Em 2013, 0,9% dos produtos de grande consumo (mercearia, detergentes, entre outros, e excluindo produtos frescos) foram comprados online, de acordo com um estudo da Kantar Worldpanel. Mas em 2016 a estimativa é que este valor chegue aos 1,4%, acima do que se poderá verificar em Espanha (1,2%). O peso deste canal nas vendas globais dos retalhistas ainda é tímido, mas Nuno Almeida, director de e-commerce da Sonae MC, a empresa do grupo Sonae (dono do PÚBLICO) que detém o Continente, garante que começa a ser “significativo”. “O mercado mais sofisticado é o britânico, onde as vendas online representam 5% da totalidade do retalho alimentar. Portugal ainda está distante desse estádio de maturidade”, compara, sem especificar o peso do negócio virtual nas contas da Sonae MC. O site do Continente foi criado em 2001 e tinha na altura ”algumas centenas” de utilizadores registados. Agora tem meio milhão.

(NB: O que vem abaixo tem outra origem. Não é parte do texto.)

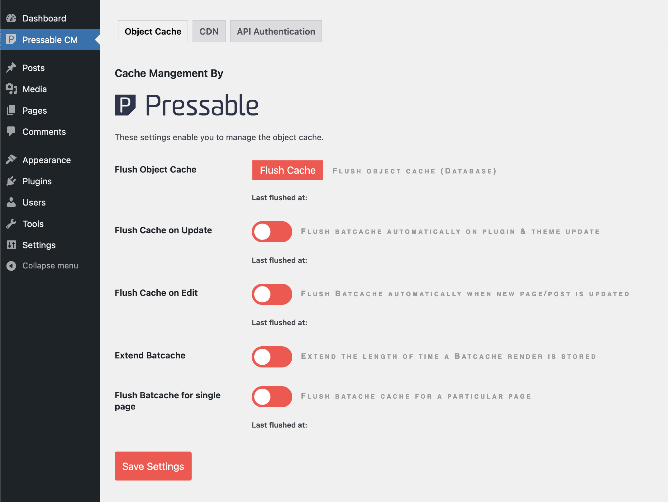 All caching options can be accessed from the WordPress dashboard in your Pressable CM section.

Esta evolução aconteceu em todos os retalhistas contactados pelo PÚBLICO. O Jumbo lançou o seu hipermercado online em 2007 “com uma oferta de produtos de grande consumo e uma grande variedade de produtos frescos”, diz João Caneira, director de comércio electrónico da cadeia do grupo Auchan. Nesse primeiro ano, tinha 30 mil registos. Agora ultrapassam os 250 mil. Fonte do El Corte Inglés refere que o site da empresa espanhola foi criado em 2004 e, dez anos depois, passou de cinco mil para 100 mil clientes. O registo de novos clientes online não equivale a compras efectivas nos sites. Mas quando questionados quanto à evolução das vendas e previsões de crescimento, a resposta foi a mesma: dois dígitos.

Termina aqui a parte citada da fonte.